To the contrary, Simon Peter, in the messages in our New Testaments that bear his name, supports the principle that believers are kept securely in their relationship with Jesus. He speaks in chapter 1, verses 3 through 5 of God who “has begotten us to a living hope, through the resurrection of Jesus from the dead, to an inheritance incorruptible and undefiled and that does not fade away, reserved in heaven for you, who are kept by the power of God through faith for salvation ready to be revealed in the last time.”
It would be inconsistent for Peter to make the case that we are “kept by the power of God” in one place in Scripture, and then surface the notion in another that we are not kept by His power, and that we can be separated from His salvation. Either God keeps us, or He doesn’t.
Jesus gives those who trust Him a new nature. (2 Corinthians 5:17-“If anyone is in Christ, he is a new creation; old things have passed away; behold, all things have become new”). When they sin, these “new creations” (Christian believers) are unsettled and quickly come under conviction until they return to their Creator and Savior and find forgiveness.

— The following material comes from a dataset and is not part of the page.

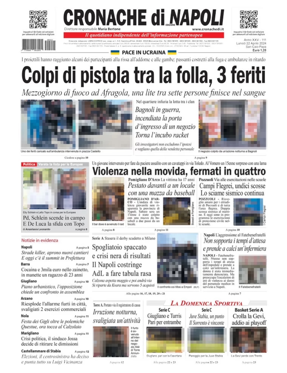 "Spogliatoio spaccato e crisi nera di risultati: il Napoli costringe ADL a fare tabula rasa" è il titolo che si può leggere nella prima pagina di Cronache di Napoli in merito alla squadra di Calzona. Il tecnico aspetta la fine della stagione e poi andrà via. De Laurentiis prepara la rivoluzione: si riparte da Khvicha Kvaratskhelia, ma servono almeno cinque nuovi acquisti.

In their new natures, God’s children will demonstrate a “family resemblance.” We will have our Father’s eyes-seeing people with the needs as He sees them; have our Father’s arms-embracing, consoling, and assisting hurting people; have our Father’s hands-compassionately reaching out to meet the needs of others; have our Father’s feet-going to minister to people at places both near and far away.
The early believers were called “Christians-little Christs-imitators of Christ.” They consistently behaved like Him; not like dogs and pigs! His nature was inside them.